Exercise directions - Pictures excluded, reproduce exactly the lines below from the one with "Podle snímků ze" through the one with "集まった会員の皆さんは終始和", both included.

[[ Records for this exercise, beginning ]]

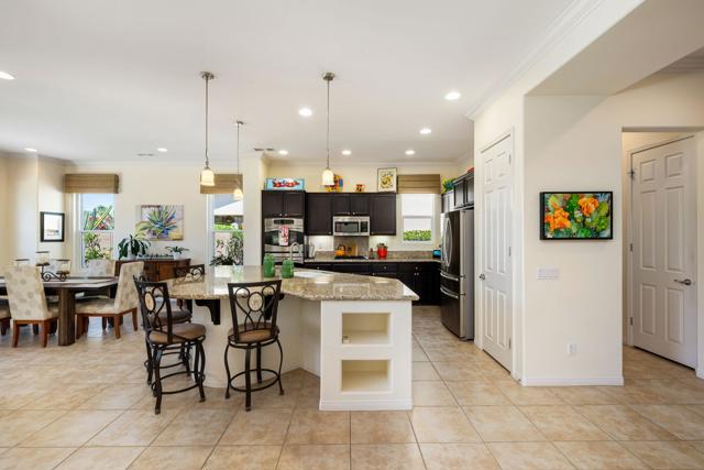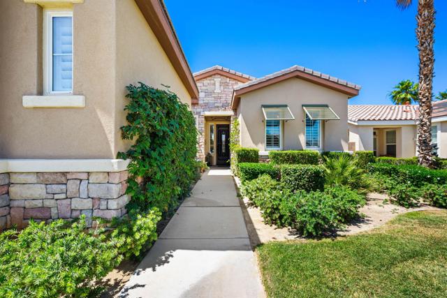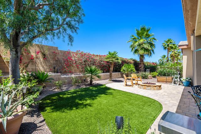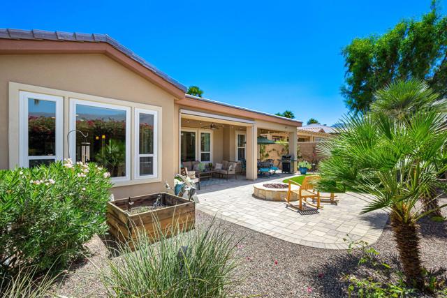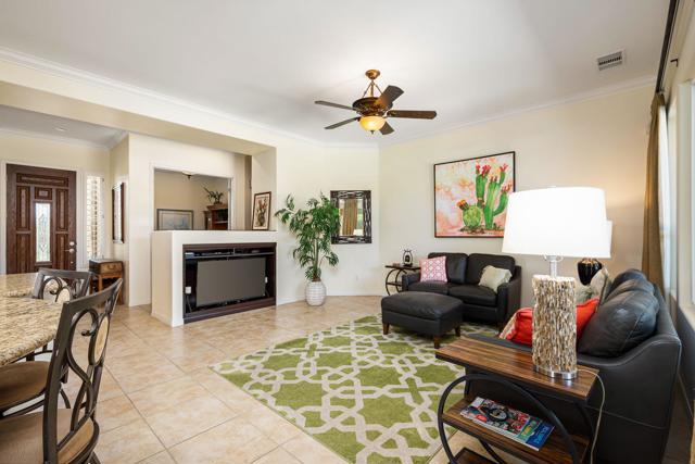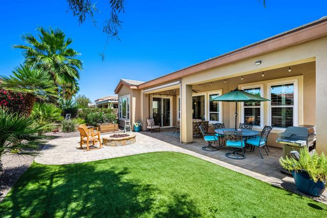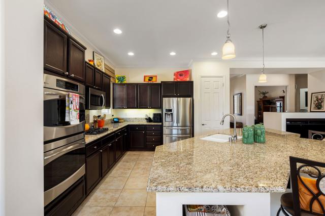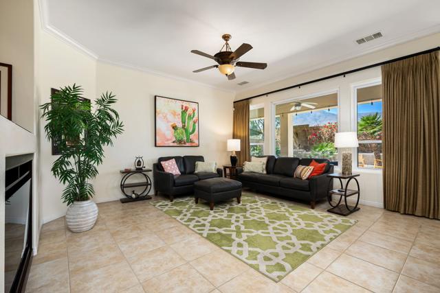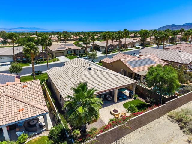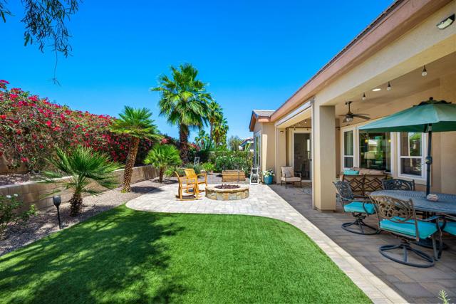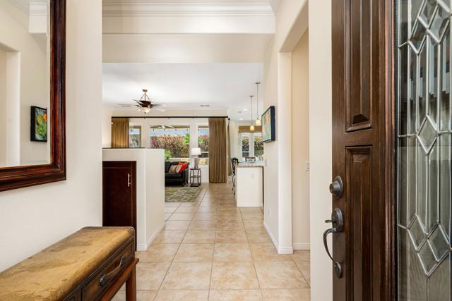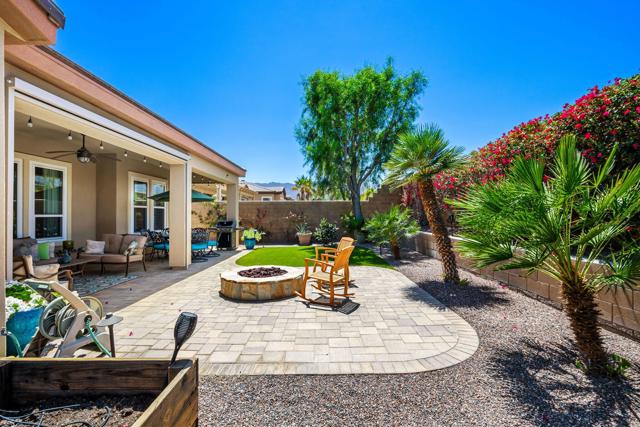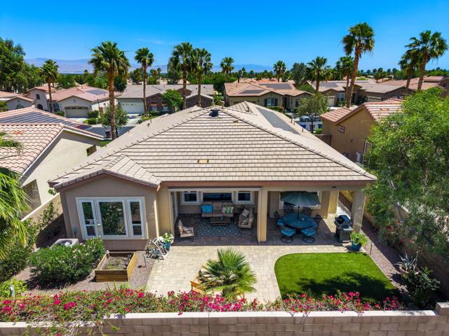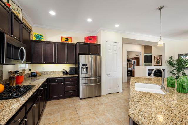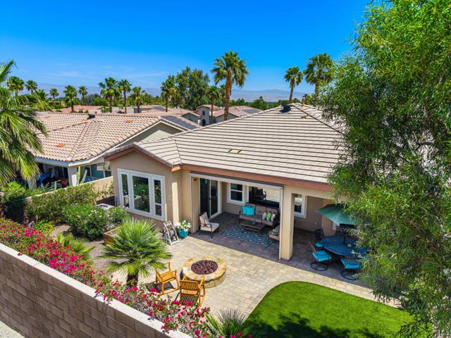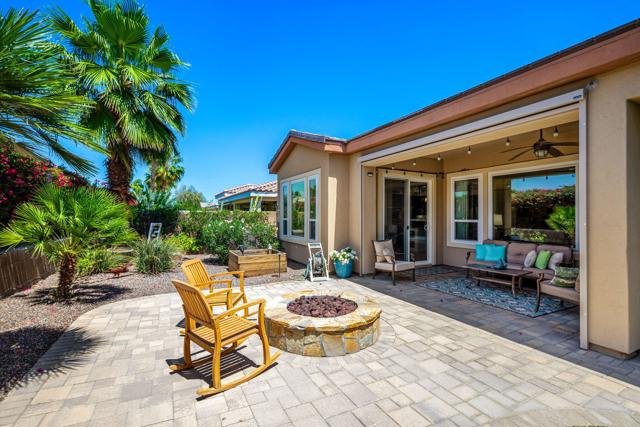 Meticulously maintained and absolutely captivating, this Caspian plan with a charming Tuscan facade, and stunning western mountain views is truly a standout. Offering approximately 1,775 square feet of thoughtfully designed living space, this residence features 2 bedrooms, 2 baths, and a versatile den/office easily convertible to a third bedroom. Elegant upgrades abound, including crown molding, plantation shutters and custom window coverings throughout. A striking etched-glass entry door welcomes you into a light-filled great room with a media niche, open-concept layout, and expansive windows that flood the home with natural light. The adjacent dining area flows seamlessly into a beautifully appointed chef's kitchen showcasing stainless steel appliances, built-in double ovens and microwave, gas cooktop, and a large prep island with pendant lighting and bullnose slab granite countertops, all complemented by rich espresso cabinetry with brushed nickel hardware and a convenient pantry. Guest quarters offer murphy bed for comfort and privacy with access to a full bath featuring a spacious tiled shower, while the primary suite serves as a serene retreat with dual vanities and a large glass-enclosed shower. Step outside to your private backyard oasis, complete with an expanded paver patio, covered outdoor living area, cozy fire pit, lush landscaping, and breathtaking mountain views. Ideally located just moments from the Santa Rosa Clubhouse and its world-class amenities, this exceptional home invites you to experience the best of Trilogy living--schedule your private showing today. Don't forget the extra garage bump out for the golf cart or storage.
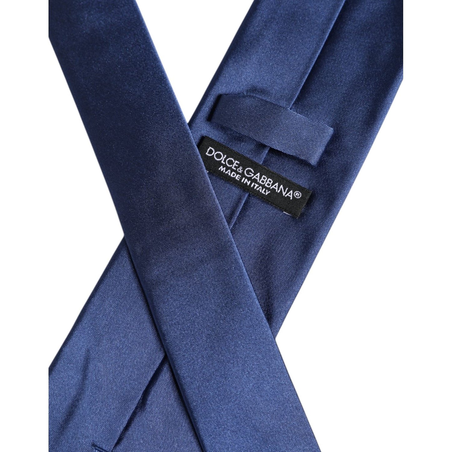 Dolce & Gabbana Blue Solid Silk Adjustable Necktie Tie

[[ Records for this exercise, end ]]
[[ Records for this exercise, beginning ]]

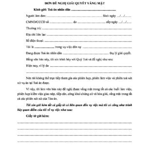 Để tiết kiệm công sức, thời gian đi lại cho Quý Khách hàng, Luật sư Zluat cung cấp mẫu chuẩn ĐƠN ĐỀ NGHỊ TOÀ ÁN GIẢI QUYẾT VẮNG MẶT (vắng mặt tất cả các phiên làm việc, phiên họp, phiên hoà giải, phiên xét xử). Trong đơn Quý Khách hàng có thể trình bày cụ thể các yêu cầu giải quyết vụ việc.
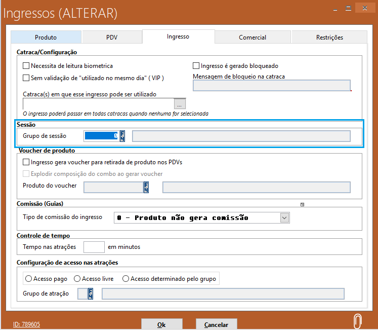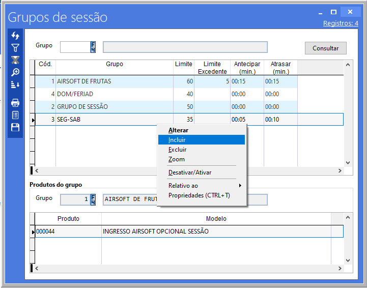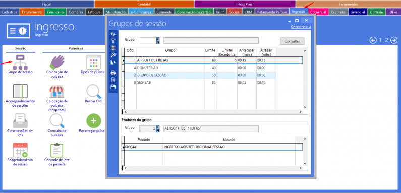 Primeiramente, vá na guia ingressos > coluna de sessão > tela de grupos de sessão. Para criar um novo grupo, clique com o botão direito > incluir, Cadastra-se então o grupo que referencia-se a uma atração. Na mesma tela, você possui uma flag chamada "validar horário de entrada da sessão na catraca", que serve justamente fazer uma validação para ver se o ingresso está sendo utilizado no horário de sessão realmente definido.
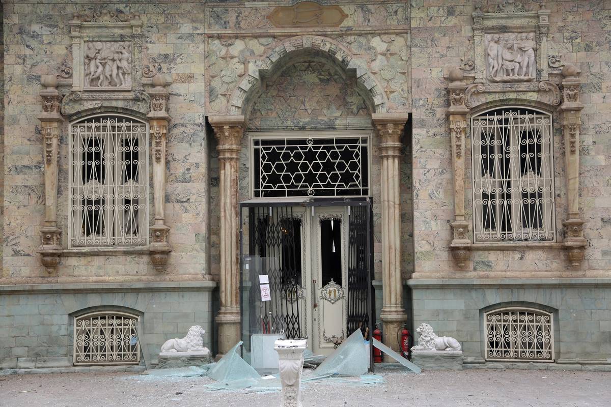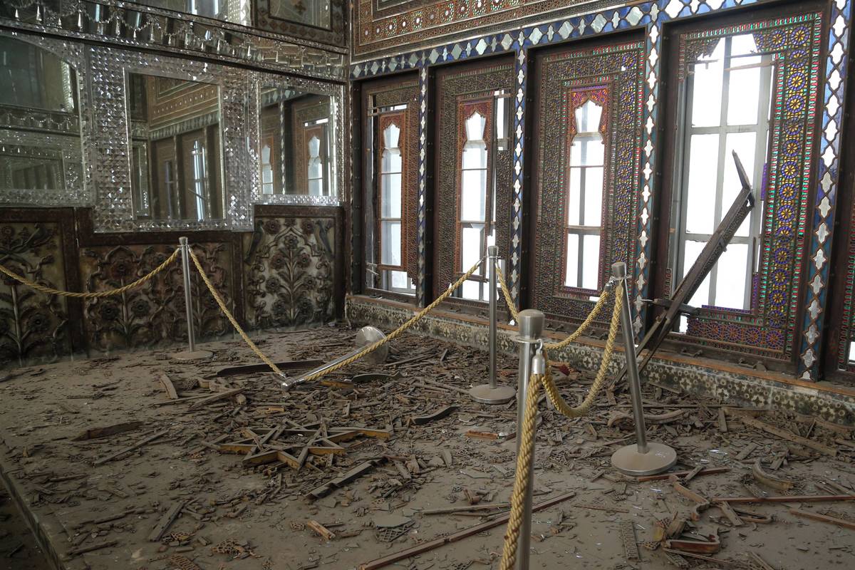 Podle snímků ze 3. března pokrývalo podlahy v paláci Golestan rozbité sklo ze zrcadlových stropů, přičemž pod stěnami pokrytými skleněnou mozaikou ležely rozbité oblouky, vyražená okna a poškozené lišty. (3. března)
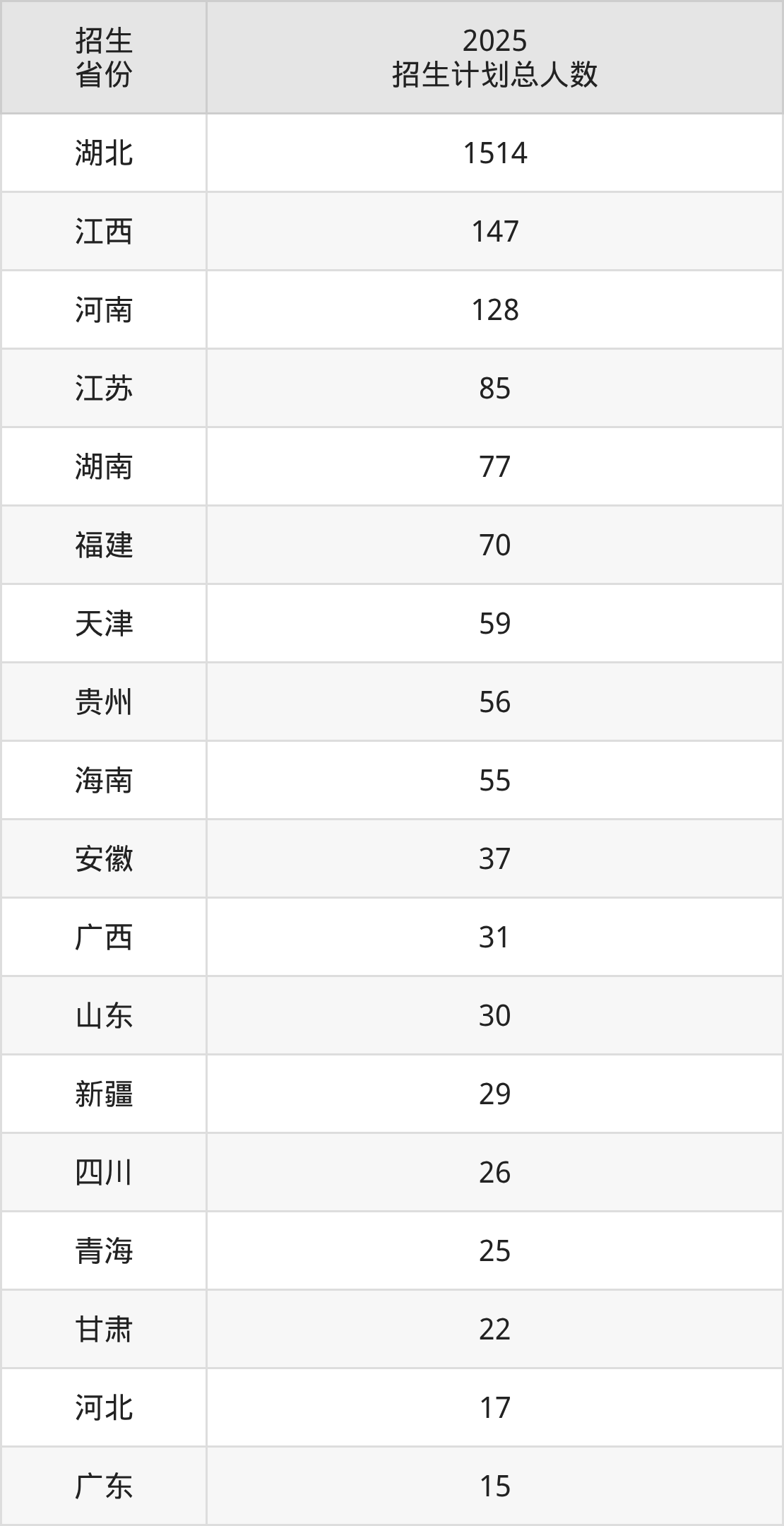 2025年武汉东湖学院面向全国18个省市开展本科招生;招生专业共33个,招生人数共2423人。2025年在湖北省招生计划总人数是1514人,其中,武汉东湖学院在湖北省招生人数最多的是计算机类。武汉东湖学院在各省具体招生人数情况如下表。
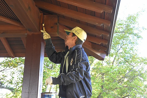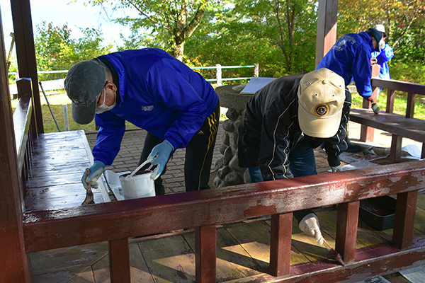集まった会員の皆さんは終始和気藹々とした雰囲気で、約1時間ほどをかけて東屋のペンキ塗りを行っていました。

[[ Records for this exercise, end ]]

Result of this task -
 Podle snímků ze 3. března pokrývalo podlahy v paláci Golestan rozbité sklo ze zrcadlových stropů, přičemž pod stěnami pokrytými skleněnou mozaikou ležely rozbité oblouky, vyražená okna a poškozené lišty. (3. března)
 2025年武汉东湖学院面向全国18个省市开展本科招生;招生专业共33个,招生人数共2423人。2025年在湖北省招生计划总人数是1514人,其中,武汉东湖学院在湖北省招生人数最多的是计算机类。武汉东湖学院在各省具体招生人数情况如下表。
集まった会員の皆さんは終始和気藹々とした雰囲気で、約1時間ほどをかけて東屋のペンキ塗りを行っていました。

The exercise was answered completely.